Donc des femmes/ femmes, êtres hybrides ou gentils monstres, toute une galerie de personnages qui trouvera le chemin des galeries tout court. A partir de 2014, les séries enrichissent leurs thématiques, comme en témoignent les titres : Dieux Japonais, Processions, Chariots, Trains, Vertiges Rouges, etc…Et puis

Il y a chez Privat l’attrait- ou l’amour discret- pour l’animalité. Et révèle un axe créatif assez décalé. A l’instar des minéraux et des végétaux, les animaux

sont des forces élémentaires capables de se convertir en foyers d’énergie. En eux le peintre entre en résonnance : conscience d’un instinct positif. Mais qui

reste disputée chez l’humain grâce ou à cause de ses formatages de pensée. Prendre les animaux comme vecteurs, c’est tirer l’intellect de ses phobies, en

naturaliser les blessures.

Ces derniers mois l’évolution s’est manifestée par l’usage du Médium, une sorte d’isorel dur appliqué au protocole habituel d’estampage.
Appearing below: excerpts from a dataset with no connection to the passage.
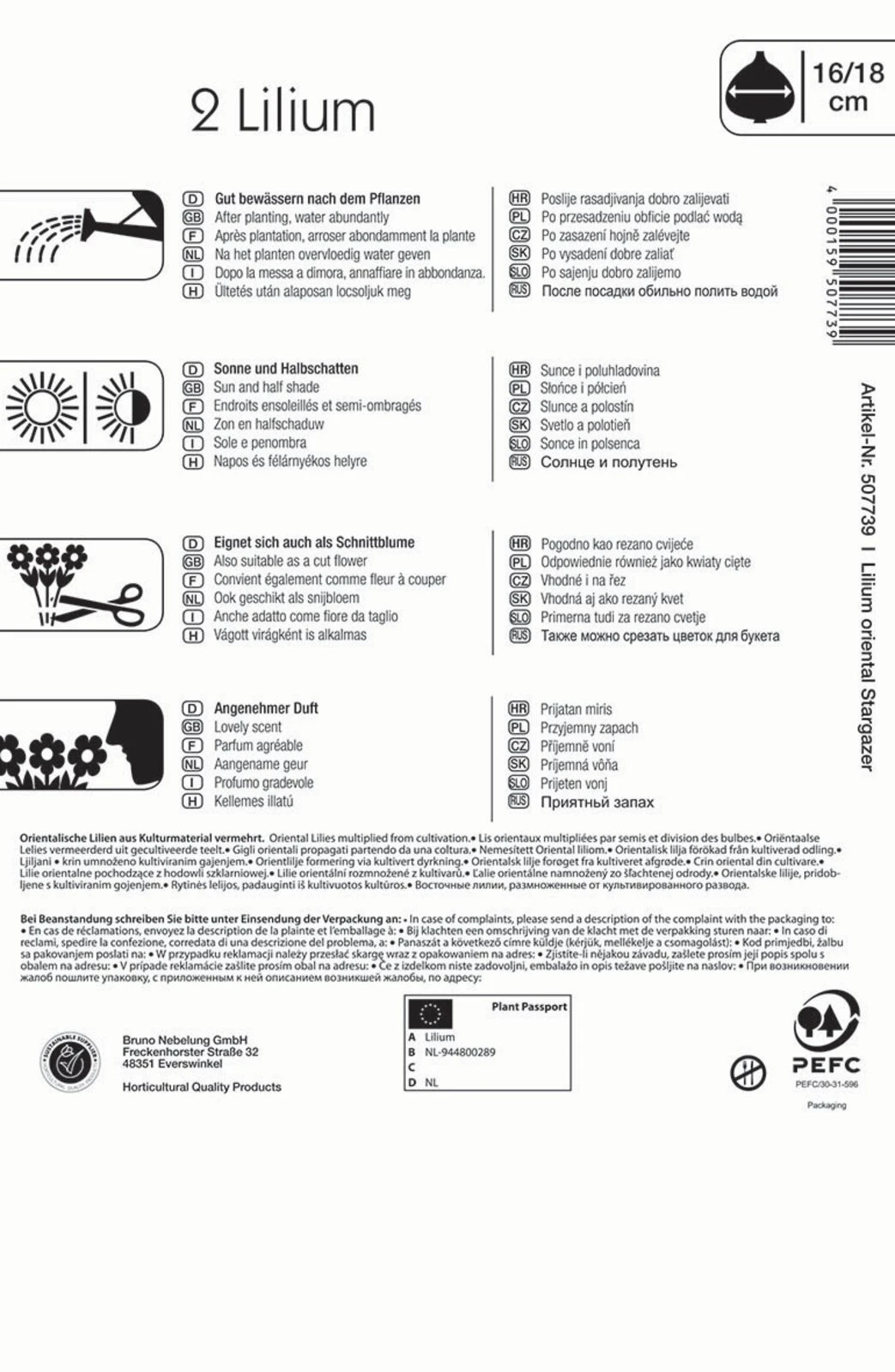 Die Oriental-Lilie ‚Stargazer‘ beeindruckt mit ihren großen sternförmigen Blüten, die eine intensive rosarote Farbe haben. Zudem zeichnen sie sich dadurch aus, dass sie von der Blütenmitte zum Rand hin immer heller werden. Sie hat starke Stängel und eignet sich dadurch ideal den Schnitt für attraktive Blumensträuße. Des Weiteren steht sie somit auch sehr stabil im Beet, wo sie eine Höhe von bis zu 90 cm erreichen kann. Die ‚Stargazer‘ betört außerdem mit einem angenehmen Duft, der auch Nützlinge anlockt.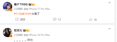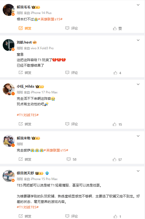 天舒:TES两把都可以说是被T1轻易摧毁,甚至可以说是戏耍。
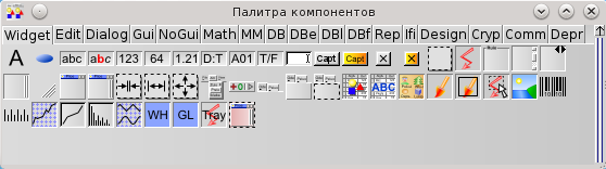 Компонеты расположены на нескольких страницах. Для переключения между страницами кликайте на закладки в верхней части окна. Если вы подержите какое-то время курсор мыши над компонентом, то появится подсказка с классом (типом) этого компонента.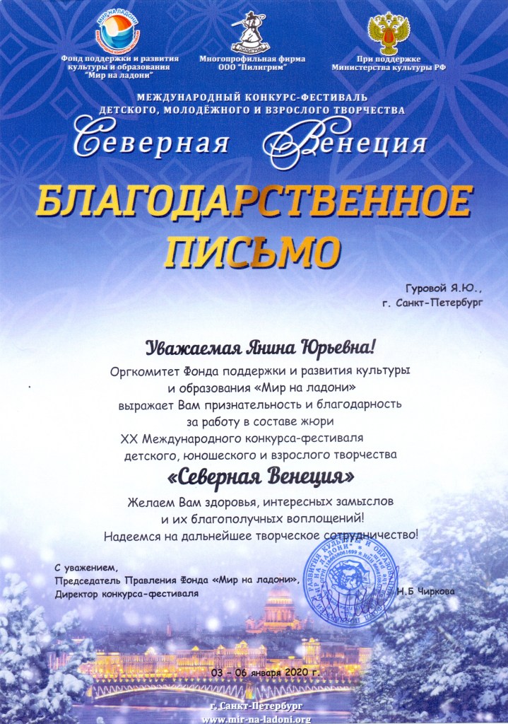 Член жюри ХХ Международного конкурса–фестиваля детского, юношеского и взрослого творчества «Северная Венеция». 4 января 2020 г., Санкт-Петербург, Россия.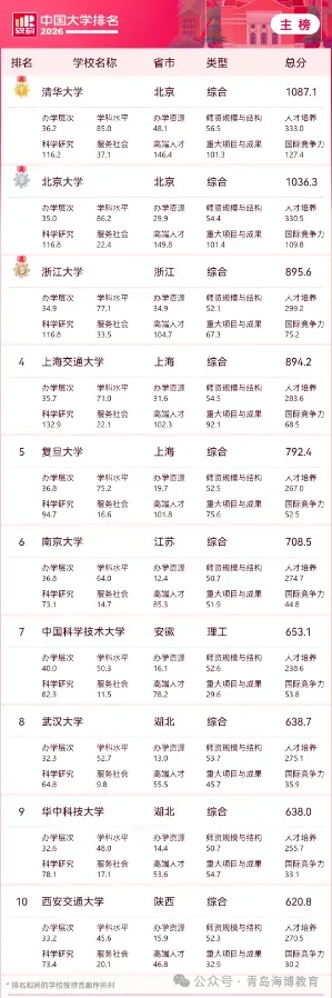 2026年4月15日,高等教育专业评价机构软科正式发布“2026软科中国大学排名”。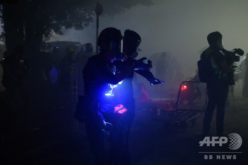 警察は最終的に放水車を使用したが、時折催涙弾を発射しながら撤収を始めた。真夜中が近づく中、キャンパスは引き続き仮設の防護壁の後ろに陣取ったデモ参加者らの手中に置かれた。(c)AFP/Su Xinqi and Jerome Taylor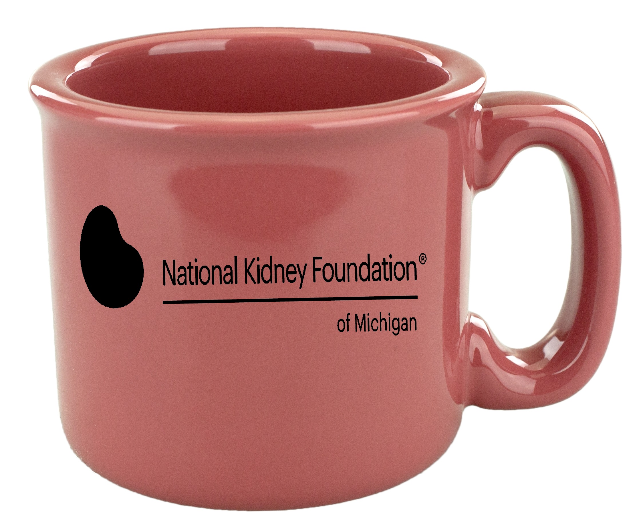 Solid glossy color inside and outside on this campfire shaped mug.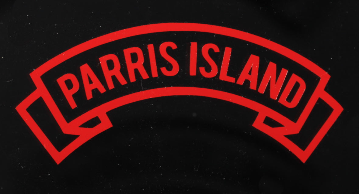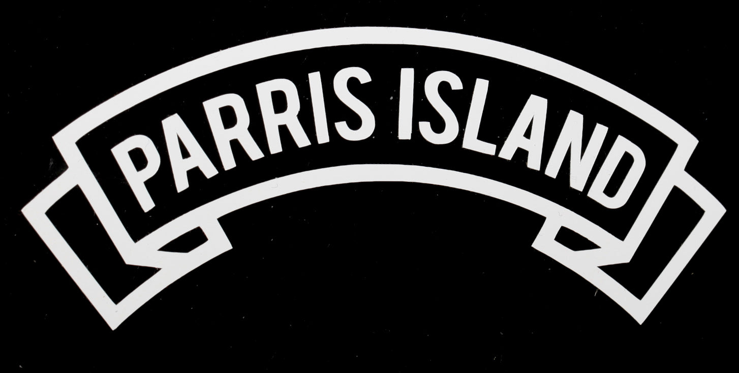 The Parris Island tab in cutout vinyl. Intended for vehicle windows but can be used on any smooth surface. White and lighter colors show better on back vehicle windows.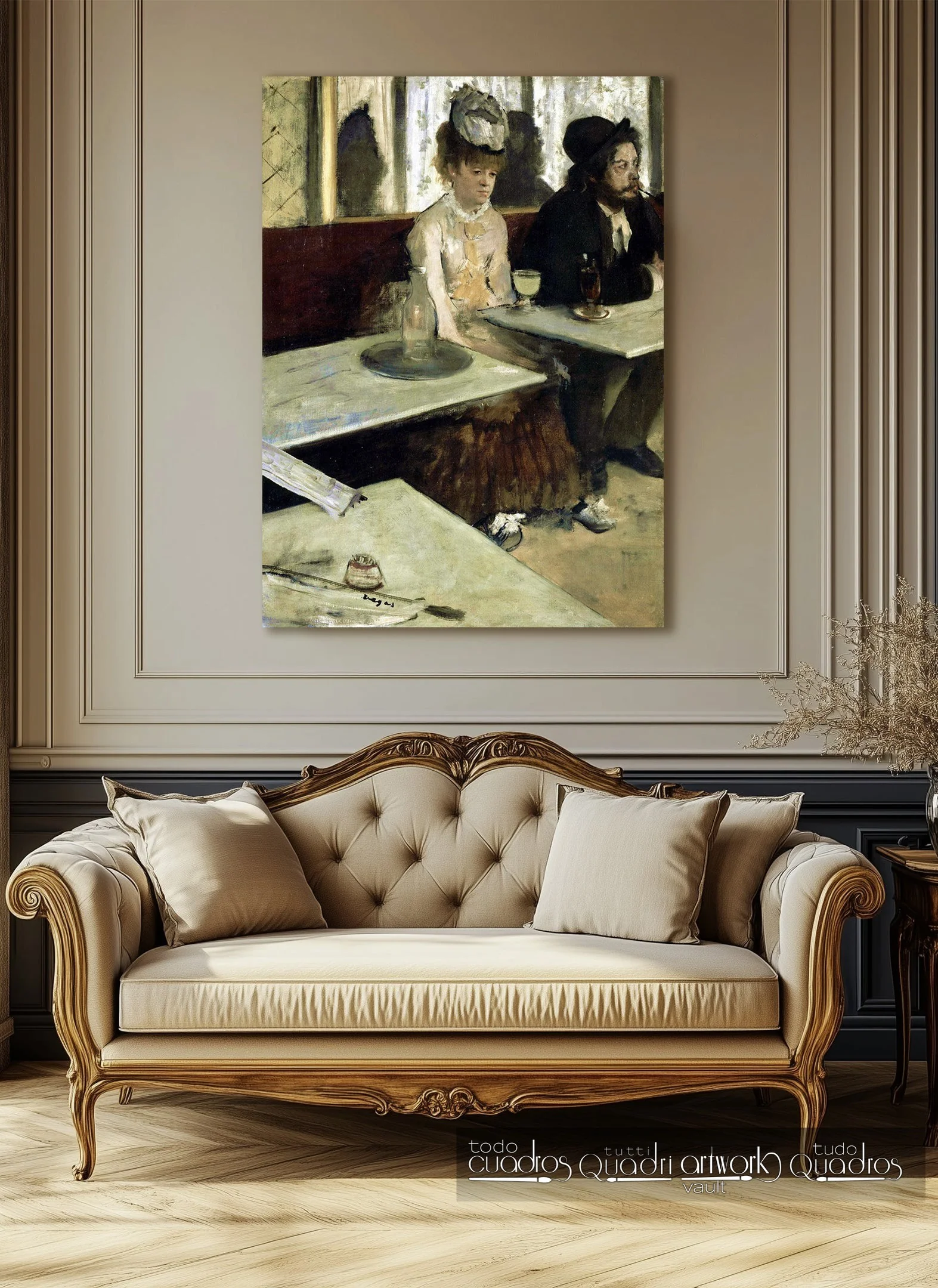 Retrato doble con toda la estética de la época que muestra a dos personajes con aspecto de desconocidos, la mujer con la vista perdida en la nada y el hombre mirando hacia otro lado. Ella en frente tiene lo que se asume es un vaso lleno de absenta, bebida que en aquel tiempo tenía una pésima fama, relacionada con llevar a las personas a la psicosis.

Sauf qu’avant la pose

sur lino les motifs sont découpés à la scie sauteuse : résolution au ½ millimètre, un travail de ouf. ( D’ailleurs il faudra qu’un jour je vous parle plus précisément

des rapports génétiques que Privat entretient en art et artisanat.)  La matière est donc engagée sur plusieurs objectifs :

En minimisant l’ancrage on obtient un ressenti vibratoire à la surface ;

Un effet quasi cinétique, comme on le constate avec ces extraordinaires « Bustes en Procession » ;

Par son relief bidimensionnel, le médium propose une autre approche rétinienne.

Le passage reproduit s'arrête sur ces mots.